Au Tchad, cela fait plusieurs semaines que l’armée affronte des groupes d’autodéfense dans la localité de Miski. En dehors des communiqués, aucune information de sources indépendantes ne circule. Il s’agit manifestement d’une opposition entre les forces gouvernementales et les autochtones qui refusent l’exploitation des mines d’or découvertes dans cette partie du Tchad. Face à l’enlisement, des parlementaires demandent à se rendre sur place.
L’initiative vient du député Saleh Makki qui préside le groupe parlementaire Les Démocrates. Pour lui, les raisons du mécontentement des populations du Tibesti, ayant conduit aux hostilités en cours, se situent à deux niveaux : un découpage administratif contesté et l’intention du gouvernement d’exploiter l’or découvert il y a peu dans cette partie du territoire dans des conditions que les autochtones n’approuvent pas.

Troisième voix

Saleh Makki estime qu’une mission de parlementaire peut représenter une troisième voix entre le gouvernement et les populations du Tibesti constituant un comité d’autodéfense. « Nous voulons aller sur place. Il faut une délégation parlementaire issue de toutes les sensibilités de l’Assemblée, écouter la population et prendre leurs revendications s’il y en a, les apporter ici et en discuter avec l’exécutif pour absolument ramener le calme dans cette partie de notre pays ».

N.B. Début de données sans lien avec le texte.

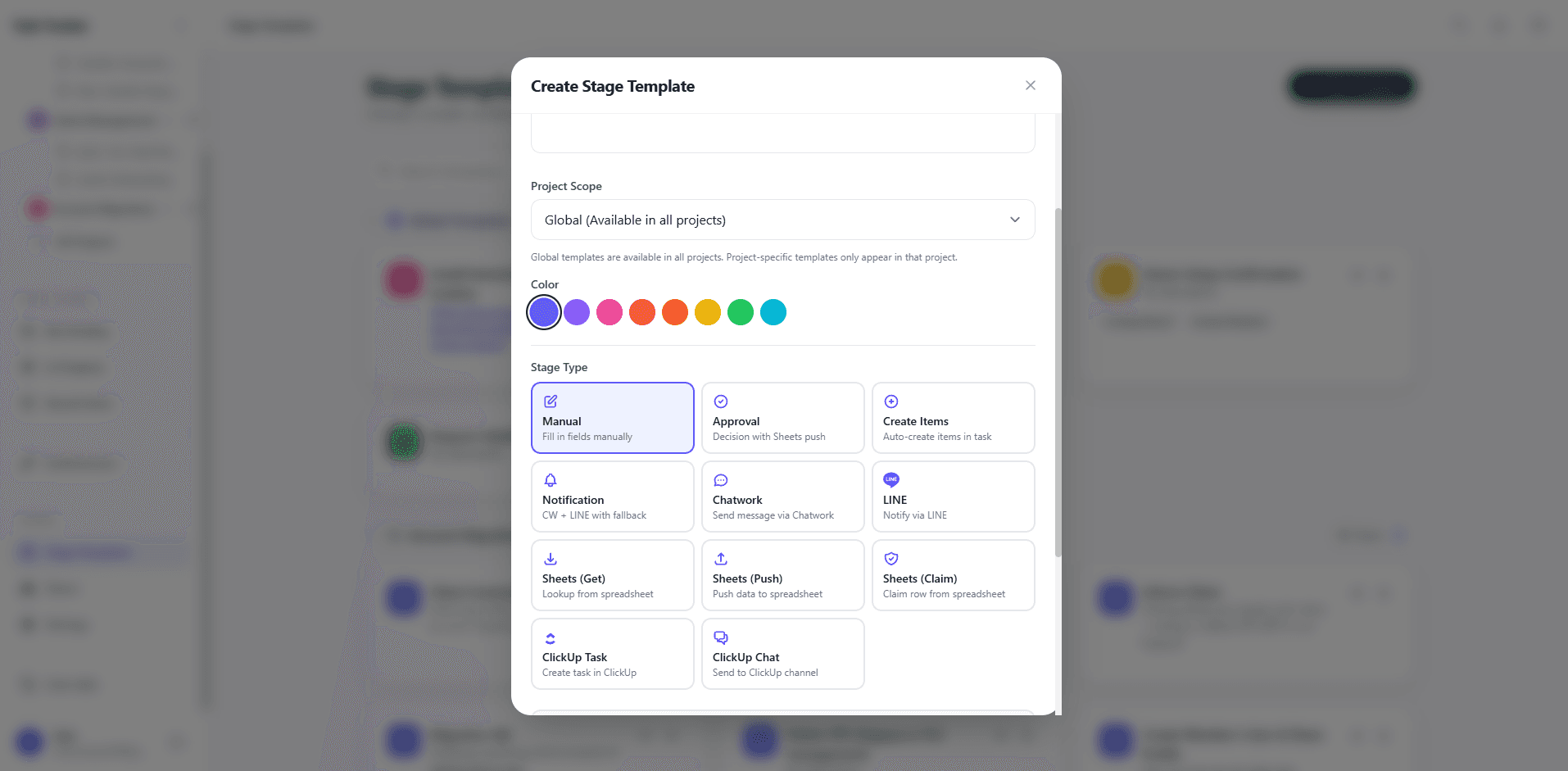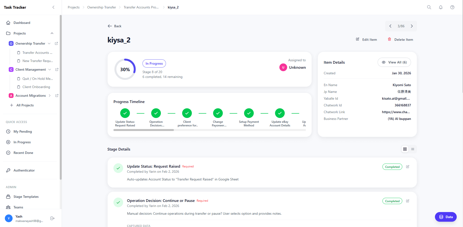 Task Tracker gives every project a configurable workflow pipeline. Stage templates let you define reusable workflows — manual stages, approval gates, notifications, Google Sheets sync, and ClickUp integration. Each item moves through stages with a visual progress timeline showing exactly what's done and what's next. The dashboard surfaces pending items, in-progress work, and recent completions at a glance. Teams see their assigned work, managers see the full picture.
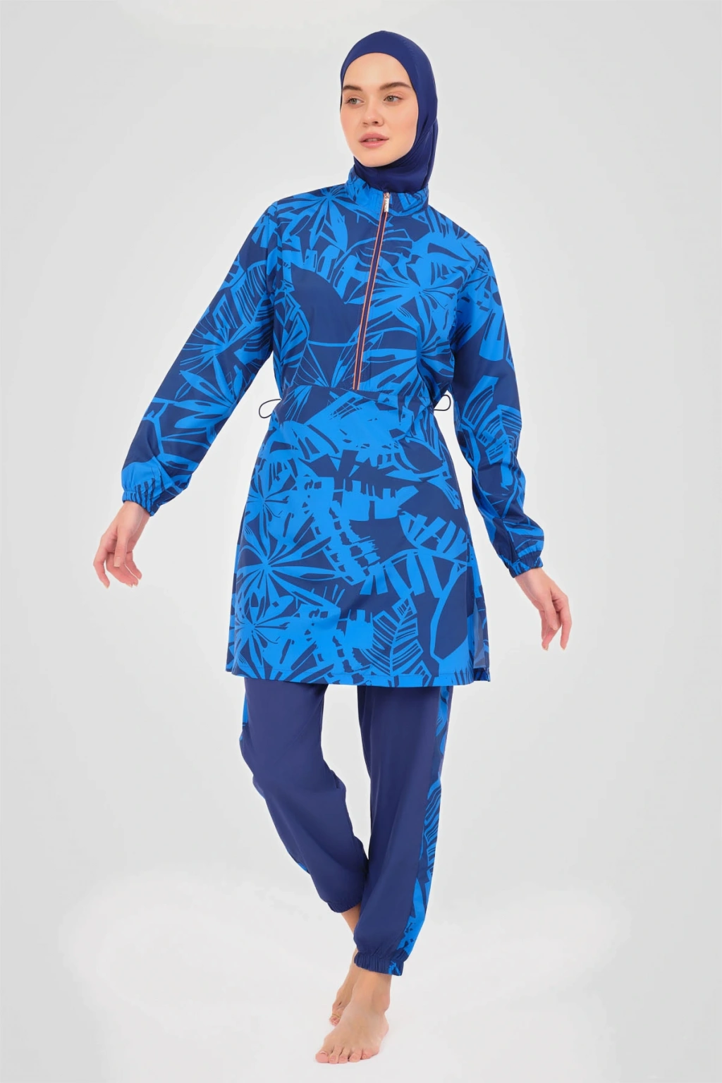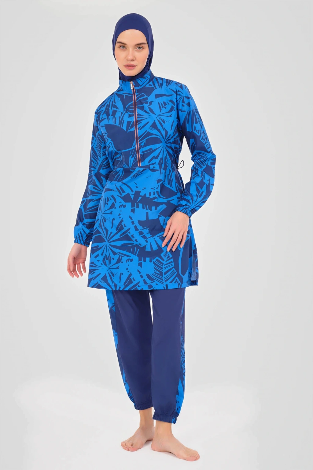 Neon Biye Detaylı Spor Tesettür Mayo Neon biye detaylarıyla modern ve çarpıcı bir görünüm sunan bu tesettür mayo, plaj modasına yeni bir soluk getiriyor. ; Canlı detaylar ve kaliteli kumaşı ile hem rahatlık hem de stil vaat eden bu tasarım, yaz günlerinizi aydınlatacak. ; Tanım Su itici . ; Suyu iten apreli paraşüt kumaş. ; Üst desenli. ; Ön yarı fermuarlı dik yaka. ; Uzun kollu. ; Yanları desenli pantolon. ; Likra eşarp ve bone. ; Tek parça iç çamaşır. ; Paket İçeriği Üst, Pantolon, Eşarp, Bone, Tek parça iç çamaşırı olmak üzere 5 parçadan oluşmaktadır. ; Hızlı kuruma, kolay yüzme olanağı sağlar. ; Kumaş İçeriği Ana Kumaş : %100 Poliester, Su itici paraşüt kumaş . ; Yardımcı Kumaş : %95 Poliester, %5 Elastan, Su itici apre uygulanmıştır.;
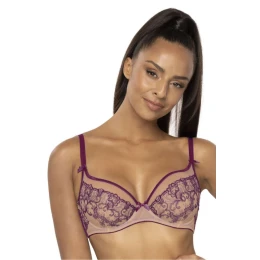 Mäkká béžovo-fialová podprsenka Maureen M-3808/2 má čipkované košíčky s korálkami a kosticami, ktoré sú z vnútornej strany podložené mäkkou bavlnou pre väčšie pohodlie. Nastaviteľné ramienka sú neodnímateľné a boky podprsenky sú vyrobené z elastickej sieťoviny bez bočných kostíc pre väčšie pohodlie. Podprsenka má trojcestné zapínanie na dva alebo tri háčiky, ktoré umožňuje ideálne nastavenie obvodu pod prsiami.
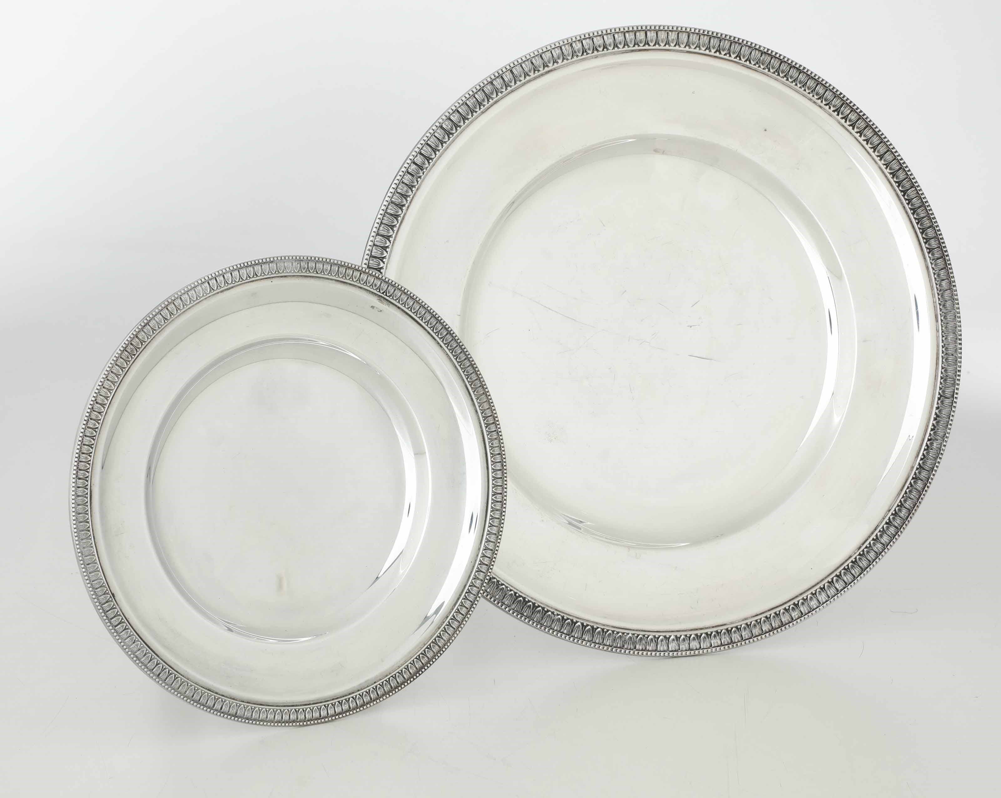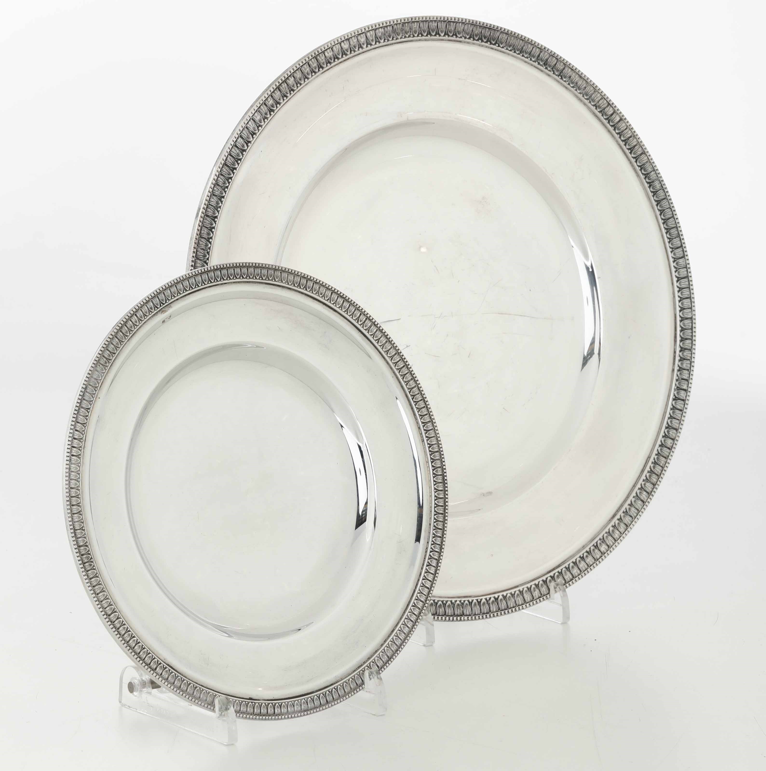 Coppia di piatti diversi in argento fuso e cesellato. Diverse manifatture italiane [..]
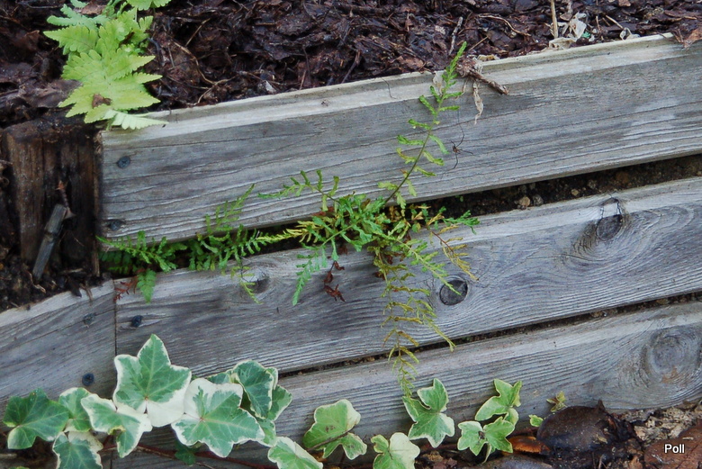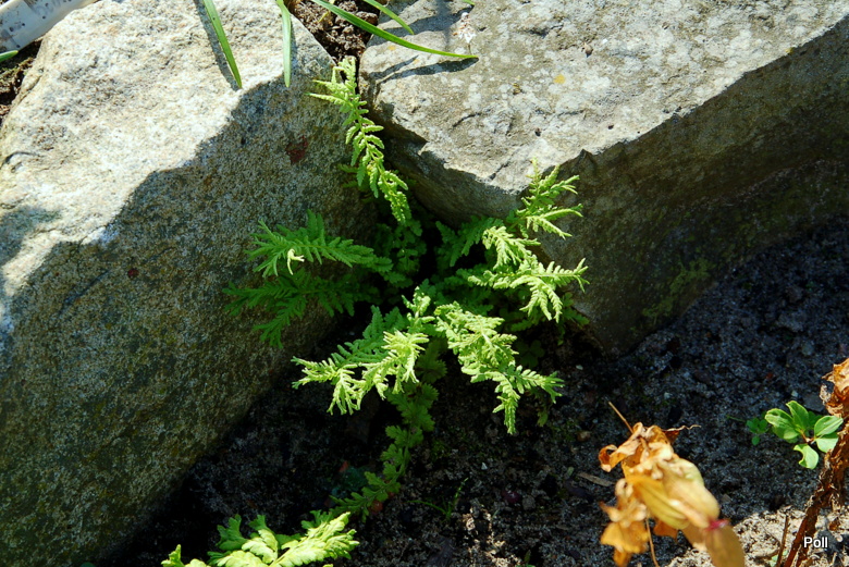 Okazało się, że okrywając na zimę paprocie stroiszem iglastym, przycisnęłam gałęziami liść z rozmnóżką a ona skorzystała z okazji i się ukorzeniła.
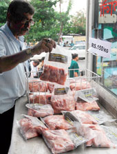If the chief minister has said it, there is no chickening out. Two days after Mamata Banerjee promised to put chicken on every plate, a stall selling forest and animal resources development department products at Writers’ Buildings stocked up on frozen chicken. Each 500gm packet of dressed chicken was sold at Rs 75. Chicken prices have spiralled to Rs 170-180 in markets across the city over the past week. First-day sales at the government stalls were, however, not impressive. “Many people are sceptical about buying frozen products. Moreover, if we buy chicken from here, where do we keep it during office hours? Many of us travel long distances by train or bus. The chicken could get spoilt,” said Runa Das, a government employee. The response at a mobile outlet (picture left) in Esplanade was equally lukewarm. The van parked in front of Esplanade Metro station from 1pm to 3pm drew many curious onlookers but few customers. The government will also sell chicken at other markets across the city. Picture by Pradip Sanyal
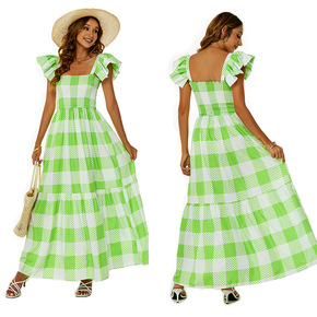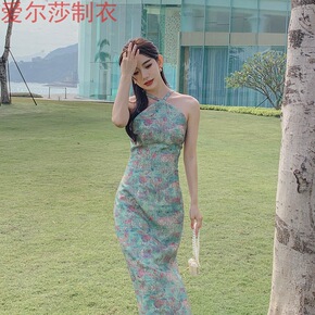 波西米亚长裙连衣裙2022夏季修身一字领露肩绿色格...
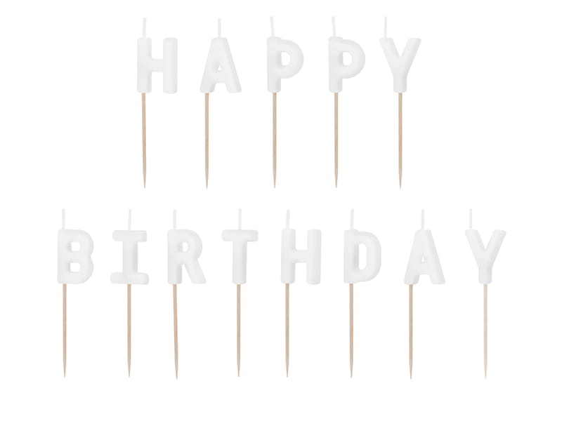 ŚWIECZKI URODZINOWE HAPPY BIRTHDAY BIAŁE 25cm 13szt

Mais avant cela, il faut que les armes se taisent. « Nous sommes pour l’arrêt immédiat de toute hostilité des deux côtés pour nous permettre d’intervenir, explique Saleh Makki. Sinon, nous ne pourrons pas intervenir et il faut absolument un arrêt de toutes les violences ».

Souhait compromis ?

Un souhait qui pourra être compromis par un autre élément, la présence des rebelles du Conseil de commandement militaire pour le salut de la République (CCSMR), pas très loin de Miski.